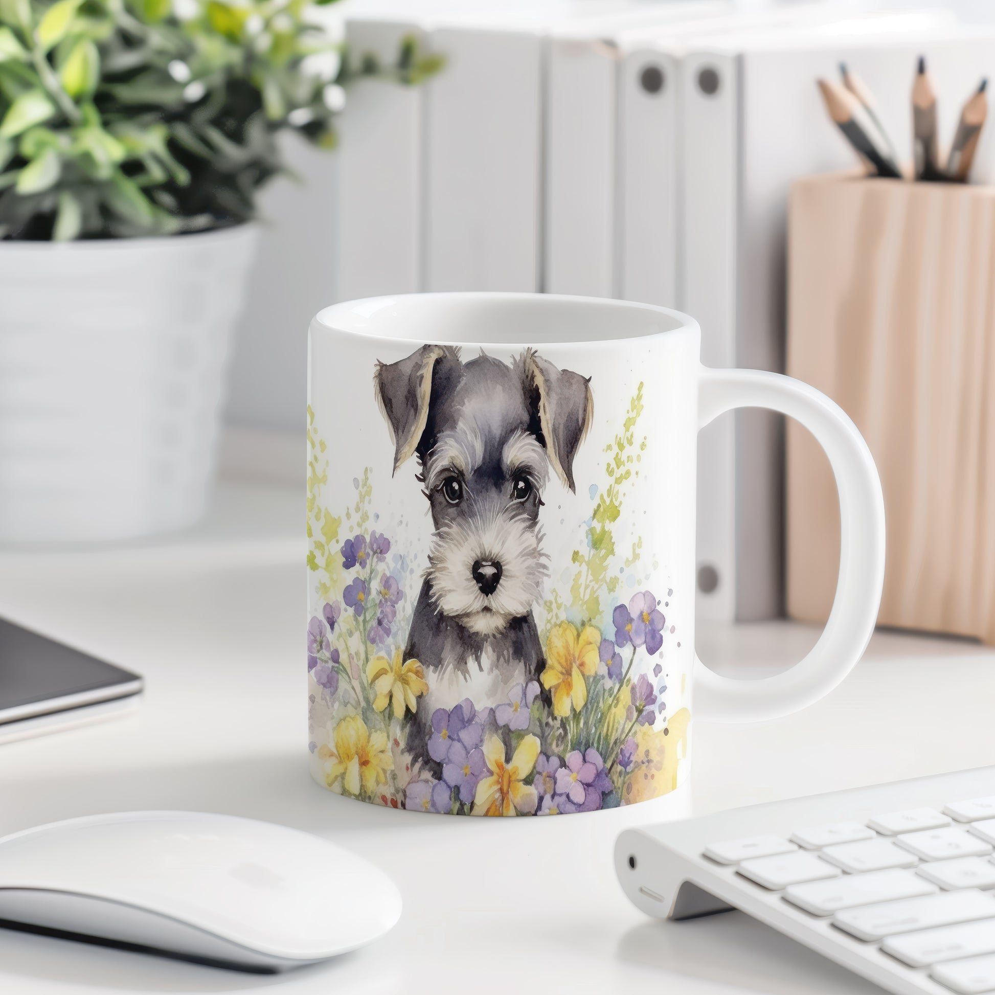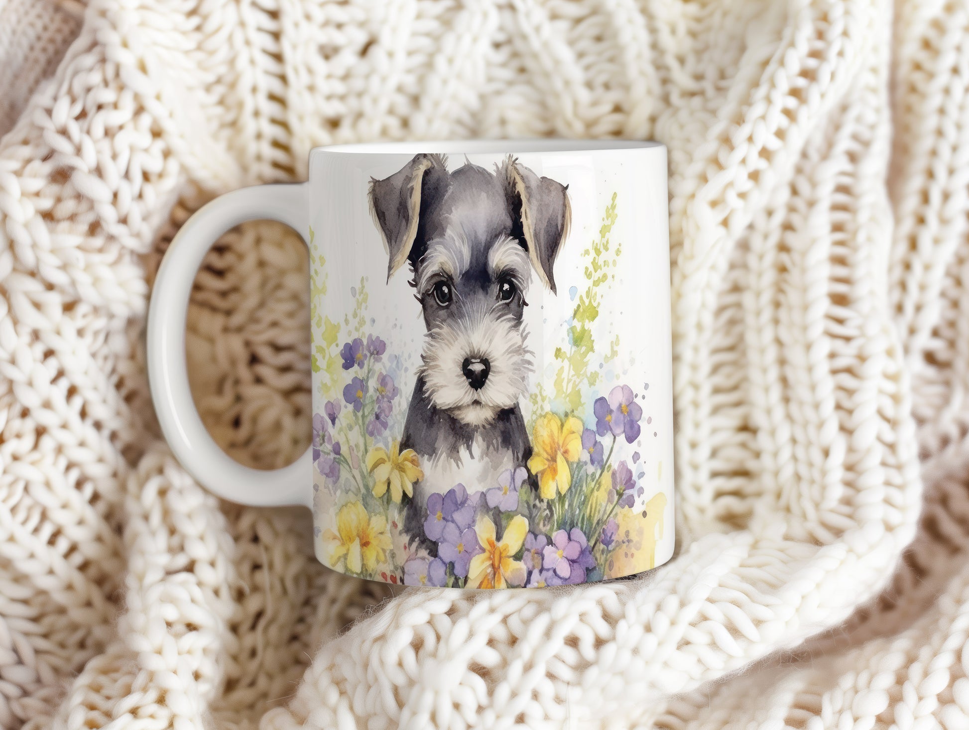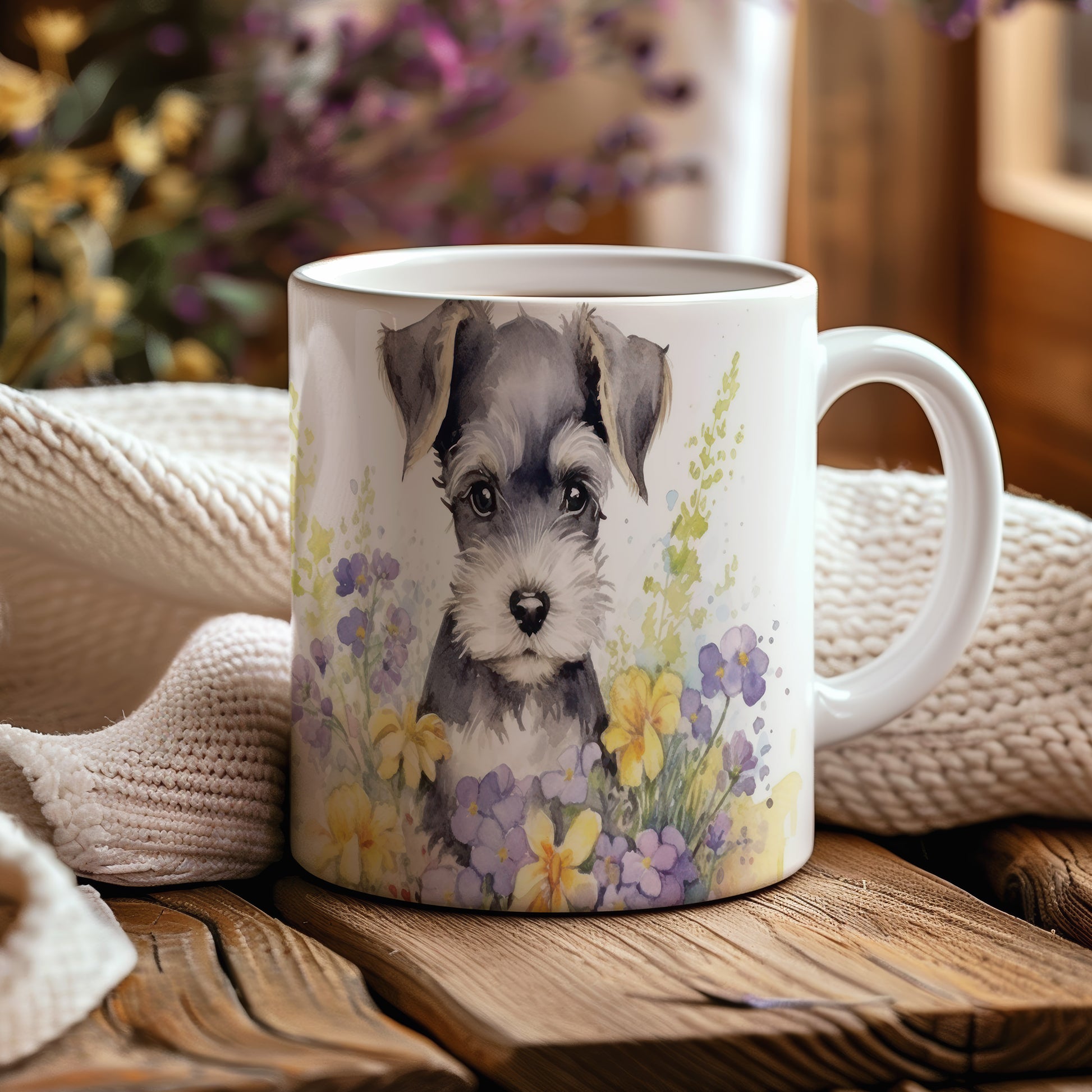 Stylový hrnek s designem štěněte knírače obklopeného květinami. Ideální pro milovníky psů a kávových chvil.
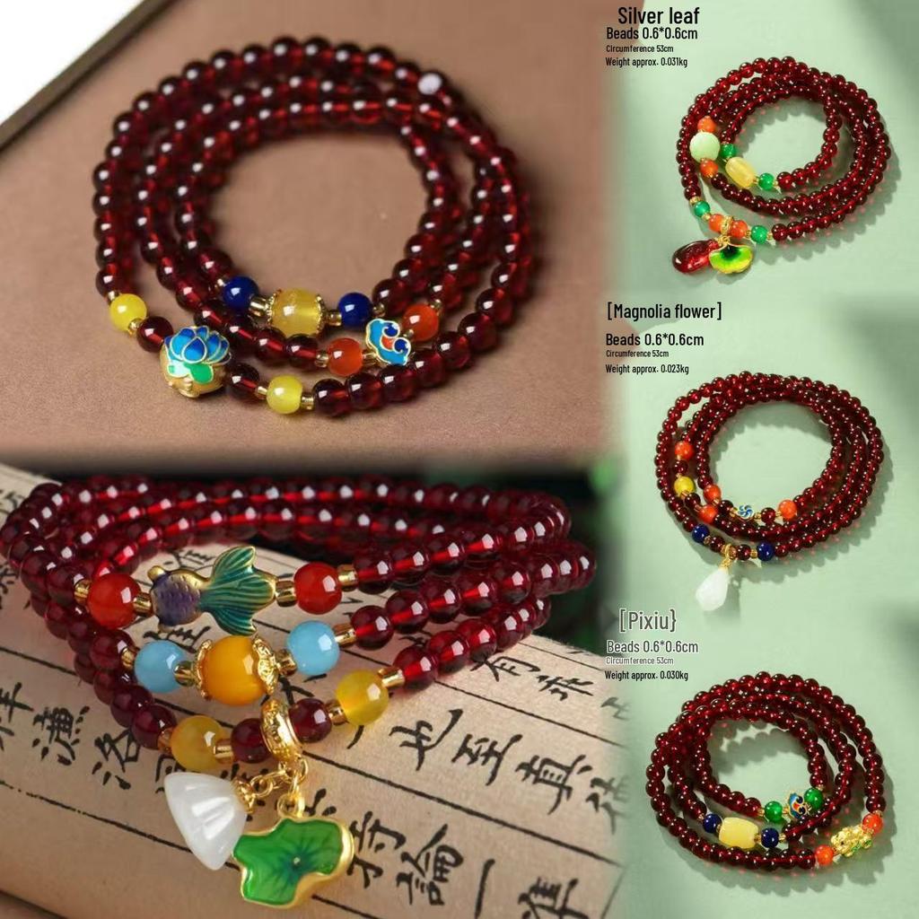 Faux Garnet Multi-Strand Pixiu Ginkgo Magnolia Cloisonné Bracelet - Hot Seller
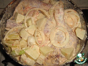 • Окорочка натираем солью. Лук режем крупными кольцами, картофель кубиками. Смешиваем майонез с аджикой (сколько аджики - дело вкуса). Маринуем все вместе минимум 2 часа, а если оставить на ночь, то ещё лучше! Выкладываем все на противень и запекаем при 200 гр около 40 мин (переворачивая время от времени окорочка). Приятного аппетита!
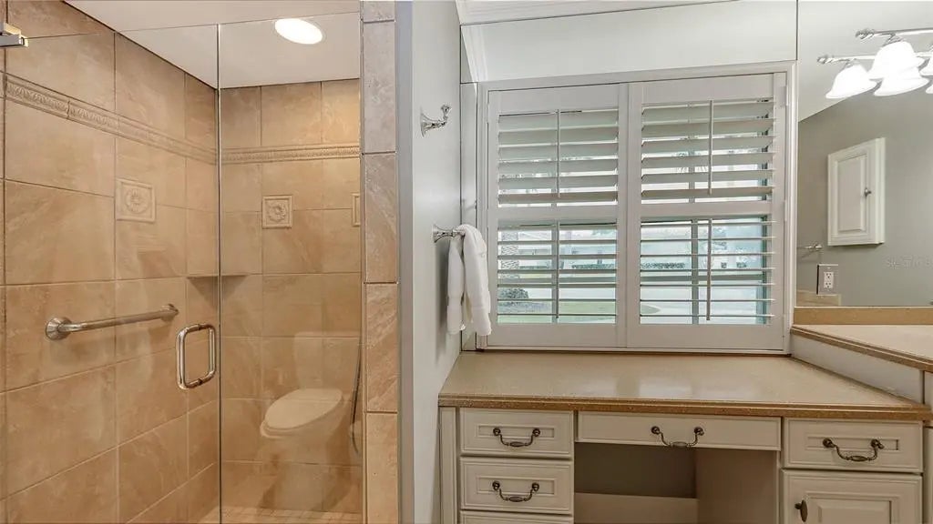 - Interior FeaturesCeiling Fan(s), Crown Molding, Eating Space In Kitchen, Kitchen/Family Room Combo, Open Floorplan, Primary Bedroom Main Floor, Solid Surface Counters, Split Bedroom, Walk-In Closet(s), Window Treatments
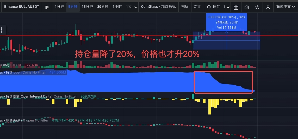 However, we've also achieved a great victory. Since I first posted this article, the price has increased by over 30%, with a peak increase exceeding 60%. And it's probably not over yet; open interest will decrease further, and the price will continue to rise for a while. But don't be greedy; take your profits when it's time to exit, don't linger.
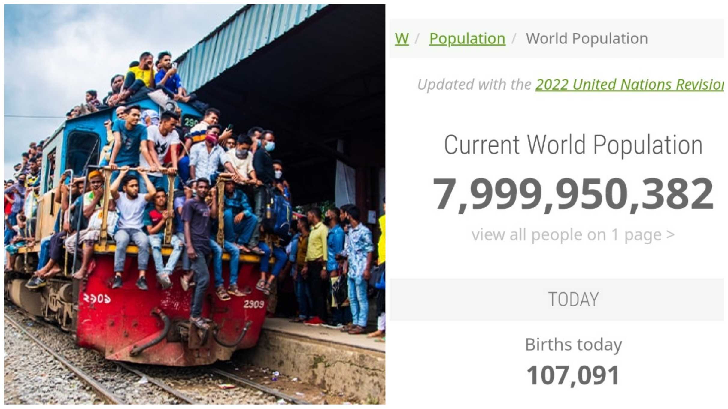 दुनिया की जनसंख्या आज यानी 15 नवंबर को आठ अरब हो जाएगी। संयुक्त राष्ट्र की रिपोर्ट में दावा है कि 2030 तक पृथ्वी पर 850 करोड़, 2050 तक 970 करोड़ और 2100 तक 1040 करोड़ लोग हो सकते हैं। यह भी बताया कि मानव की औसत उम्र भी आज 72.8 वर्ष हो चुकी है, यह 1990 के मुकाबले 2019 तक नौ साल बढ़ी है। 2050 तक एक मनुष्य औसतन 77.2 वर्ष तक जियेगा। वहीं महिलाएं पुरुषों से औसतन 5.4 वर्ष अधिक जीती हैं। उनकी औसत उम्र 73.4 वर्ष और पुरुषों की 68.4 वर्ष आंकी गई है।
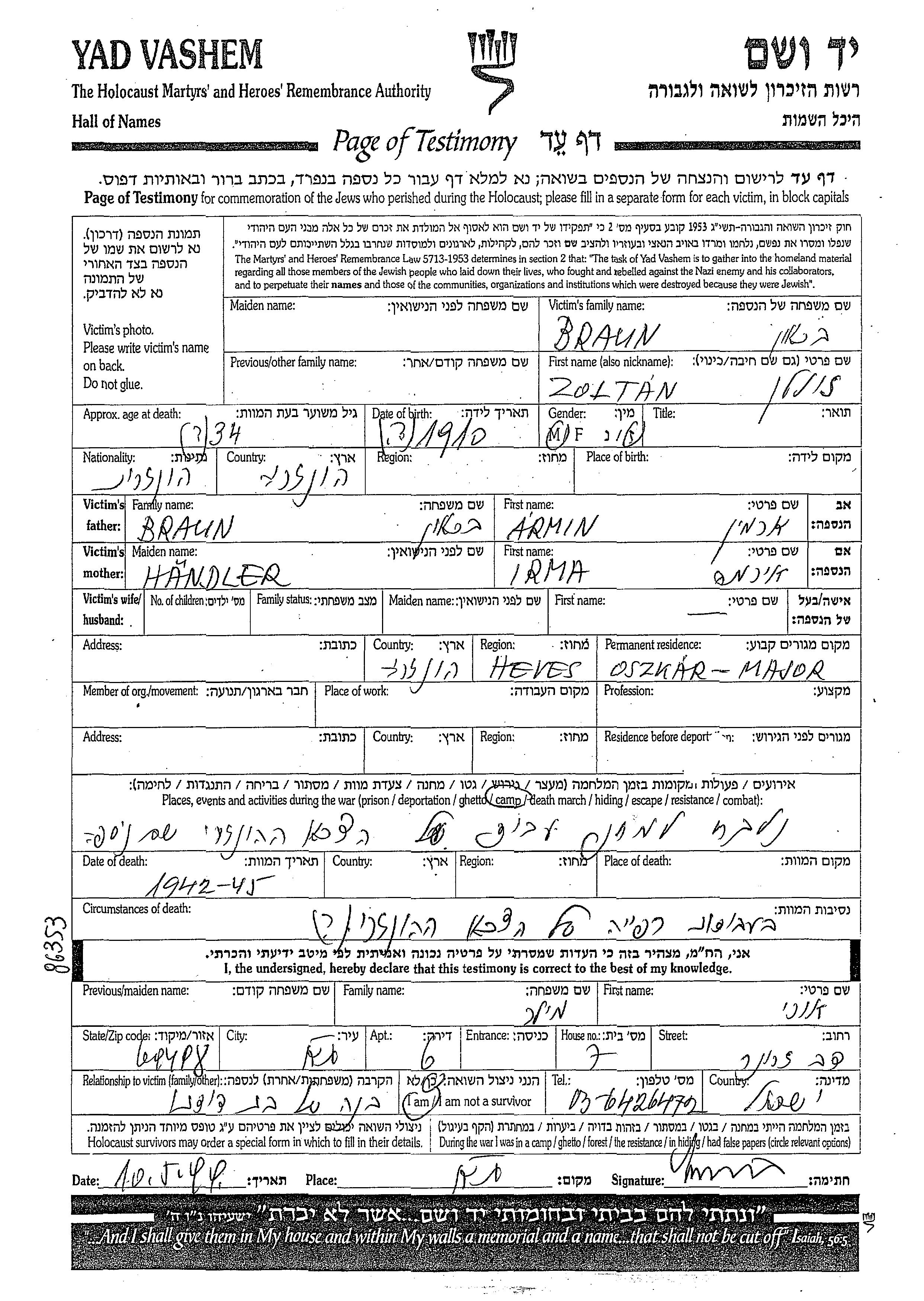 Zoltan Braun wurde im Jahr 1910 in Ungarn geboren. Er war der Sohn von Armin und Irma. Vor dem Zweiten Weltkrieg lebte er in Heves, Ungarn. Während des Krieges war er in Zwangsarbeit Bataillone MUSZ in die Ungarischen Streitkräfte.
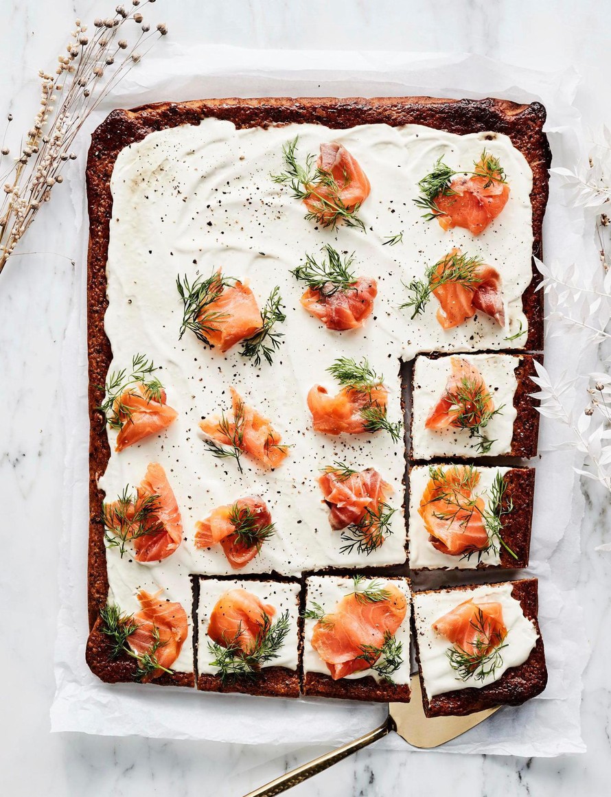 Piparjuurikermalla ja savulohella lastattu peltileipä maistuu alkupalana, kalapöydässä tai illan pikkusuolaisena. Vähäisempi paistoaika on sähkönsäästäjän mieleen.
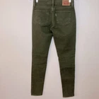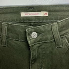 Levis 535 Super skinny jeans in army green with raw hem and ripped knees. Stretchy, mid rise. Ankle cropped length. Size 26. Excellent condition. Boho bohemian streetwear casual. Waist 26 Length 28 inches Cotton and elastic, has some stretch
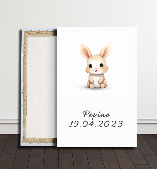 Osobní dotek umění! Objednejte si tento roztomilý obraz zajíčka a přidejte vlastní text, jméno nebo datum, aby byl jedinečným a osobním dárkem nebo dekorací.
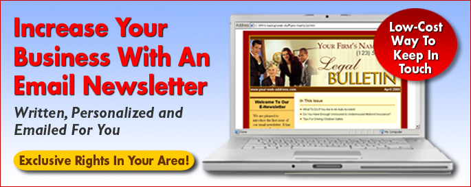 Attract new clients, expand services to clients and increase referrals with an email newsletter. These attractive newsletters are an excellent and low-cost way to keep your name in front of clients and referral sources and generate interest in your services. The articles are written by experienced lawyers and cover various topics, including personal injury, estate planning, business, real estate and family law.
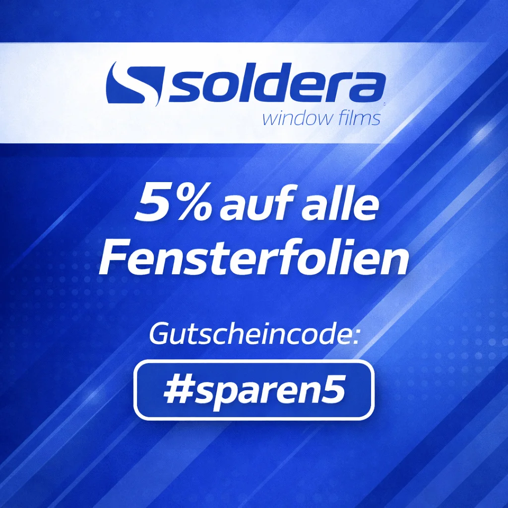 Bei sachgerechter Montage und Pflege halten Soldera Fensterfolien im Innenbereich bis zu 15 Jahre. Spezielle Folien zur Außenanwendung trotzen bis zu 7 Jahre Wind und Wetter, Indoor sind auch sie auf bis zu 15 Jahre ausgelegt. Verwenden Sie niemals Folien für den Innenbereich außen, denn das zerstört das Material innerhalb kurzer Zeit.
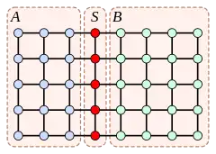 Consider a grid graph with rows and columns; the number of vertices equals . For instance, in the illustration, , , and . If is odd, there is a single central row, and otherwise there are two rows equally close to the center; similarly, if is odd, there is a single central column, and otherwise there are two columns equally close to the center. Choosing to be any of these central rows or columns, and removing from the graph, partitions the graph into two smaller connected subgraphs and , each of which has at most vertices. If (as in the illustration), then choosing a central column will give a separator with vertices, and similarly if then choosing a central row will give a separator with at most vertices. Thus, every grid graph has a separator of size at most , the removal of which partitions it into two connected components, each of size at most .[3]
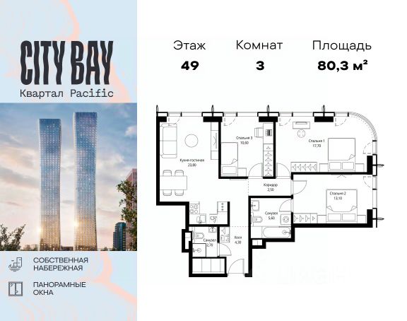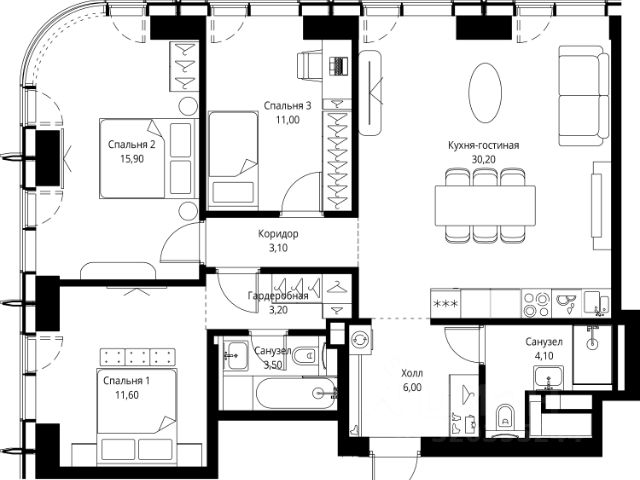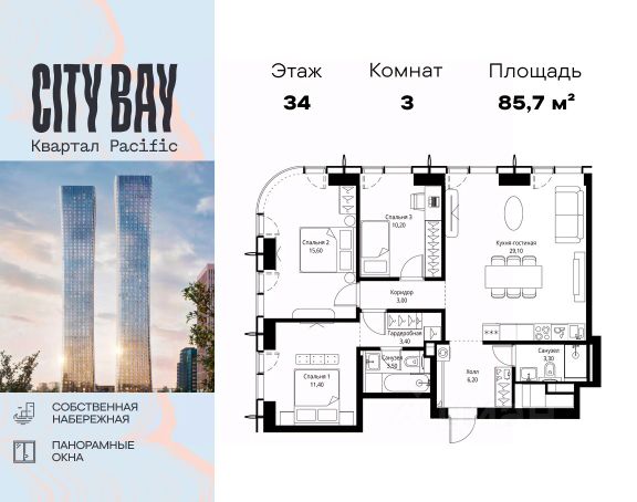 • ✓ В базе Циан 15 3-комнатных квартир от застройщика на проезде Проектируемый № 4089 в Москве

_____

Lines wanted from the entries above: the one with "Piparjuurikermalla ja savulohella", the one with "Osobní dotek umění!", and all lines between. Please copy them exactly, without the pictures and without anything else.

 Piparjuurikermalla ja savulohella lastattu peltileipä maistuu alkupalana, kalapöydässä tai illan pikkusuolaisena. Vähäisempi paistoaika on sähkönsäästäjän mieleen.
 Levis 535 Super skinny jeans in army green with raw hem and ripped knees. Stretchy, mid rise. Ankle cropped length. Size 26. Excellent condition. Boho bohemian streetwear casual. Waist 26 Length 28 inches Cotton and elastic, has some stretch
 Osobní dotek umění! Objednejte si tento roztomilý obraz zajíčka a přidejte vlastní text, jméno nebo datum, aby byl jedinečným a osobním dárkem nebo dekorací.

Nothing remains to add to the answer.